The SHAP summary plot showed that lower values of a horse's recent ranks contributed to a higher probability of the horse finishing top. The quality of the jockey, as shown by his recent ranks, also play a big role in determinining if a horse will win.
In the backtesting phase, we ran our model predictions through different strategies, and found that 7 out of 8 models actually returned a positive value. In the notebook, we ran a few strategies, but the simplest ones were:
- Bet $1 when model that predicted a horse will win the top position
- Bet $1 on the horse that model predicted with the fastest time during a race
A summary of the backtesting results when ran on these two strategies are shown below.
Model | Money | Bets Made |
---|---|---|
SMOTE + RF | 375.2 | 743 |
Random Forest Classifier | 268.1 | 68 |
Logistic Regression | 23.0 | 32 |
Gaussian Naive Bayes | 10.7 | 177 |
Ridge Regression | 360.4 | 480 |
LGBM | 307.3 | 617 |
KNN Regression | 237.6 | 480 |
Random Forest Regressor | -48.1 | 542 |
There are two datasets obtained from Kaggle, courtesy of the Hong Kong Jocket Club. The first is the related to the horse and the the second is related to the race. Both of these tables can be joined on the race_id column.
Columns | Description |
---|---|
finishing_position | The rank of the horse. (E.g. the horse with finishing_position 1 is the first to finish) |
horse_number | The number for the horse in the specific race. (Note that the same horse may have different numbers in different races) |
horse_name | English name of the horse |
horse_id | ID of the horse. (The ID for a horse is unique in all the races) |
jockey | The one who rides the horse in the race. (A jockey can ride different horses in the races) |
trainer | The one who trains the horse. (Multiple horses from a trainer can appear in the same race) |
actual_weight | The extra weight that a horse carries in the race. (The horses with better performances in the previous races will carry extra weights to make the race more competitive) |
declared_horse_weight | The weight of the horse on date of the race. |
draw | The position of the horse at the starting point.
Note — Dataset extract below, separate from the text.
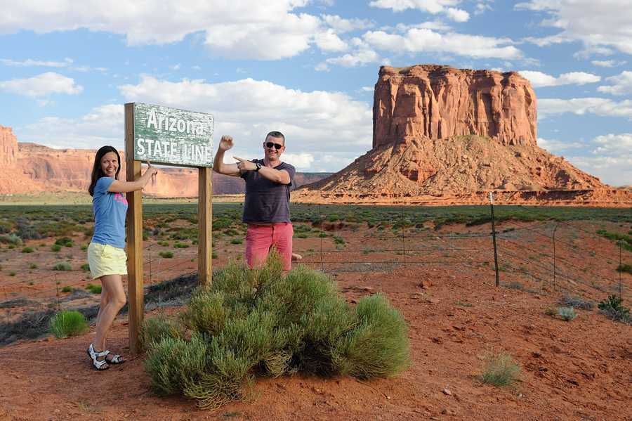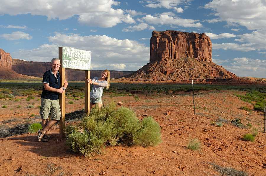 Долина Монументов расположена на границе штатов Аризона и Юта. Границы как таковой нет – есть старая большая табличка с одной стороны написано Юта, с другой Аризона. Вдоль дороги протянута проволока, это для коров, которые пасутся вдалеке.

The inner positions are usually advantageous and correspond to smaller draw numbers. |
length_behind_winner | The length behind the winner at the finish line. The unit is “horse length”. |
running_position_i | The rank of the horse at the i-th timing point. (The running position will be “NA” if the total distance of the race is short and the horses do not cross the particular timing point) |
finish_time | The total time from the starting point to the finish line. The unit is in seconds. |
win_odds | The multiplier of the amount you bet to be received if you win. THe odds are usually determined automatically by the total money bet on each horse. |
race_id | The ID of the race for this entry. The race_id is consistent in the two data files. |
race_distance | The race distance in metres for each race |
- Backtesting results were good, but I cannot be sure if they are reflective of real life horse racing.
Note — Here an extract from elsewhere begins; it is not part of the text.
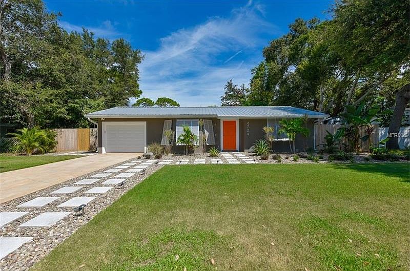 Enjoy the quality & comfort of this charming ranch style renovation in the heart of Sarasota! Light and bright with vaulted ceilings, LED recessed lighting throughout and custom Elfa closet systems in both BR's. Large chefs kitchen with LG stainless steel appliances, quartz countertops, high gloss white cabinetry and a beautiful glass tiled backsplash complete the modern feel. French doors open out from the breakfast bar to a charming patio and pergola perfect for relaxing or entertaining in your resort style outdoor living space. Located in the highly sought after Sarasota Middle School and Riverview School District and equipped with hurricane rated doors and Bermuda exterior metal hurricane shutters. This unique home is just minutes to the Gulf beaches, come relax and soak in a peaceful Florida sunset!

- One of the drawbacks of the backtesting is that the races were all treated as if on the same starting ground. In reality, results from a race would have to be updated into the model, for retraining, to predict the results of the next race. Due to time constraints, we have simplified the problem and saved ourselves time and effort to retrain the model multiple times.
- I treated one row of data as one sample. I perhaps should have treated all rows of a unique race as one sample as we want to see which horse can win relative to its race opponents.
- I am unable to make a prediction if the horse is new and has not raced before.
- Try out more complicated models to see how they fare?
Overall, we were able to get a good result from the models and backtesting. Most of the models and strategies, though simplistic, allowed us to "profit" over the course of 2,000 races. I am convinced that using one of these statistical models would give us an edge over the average punter, but of course I would have to test this out in real life to prove it!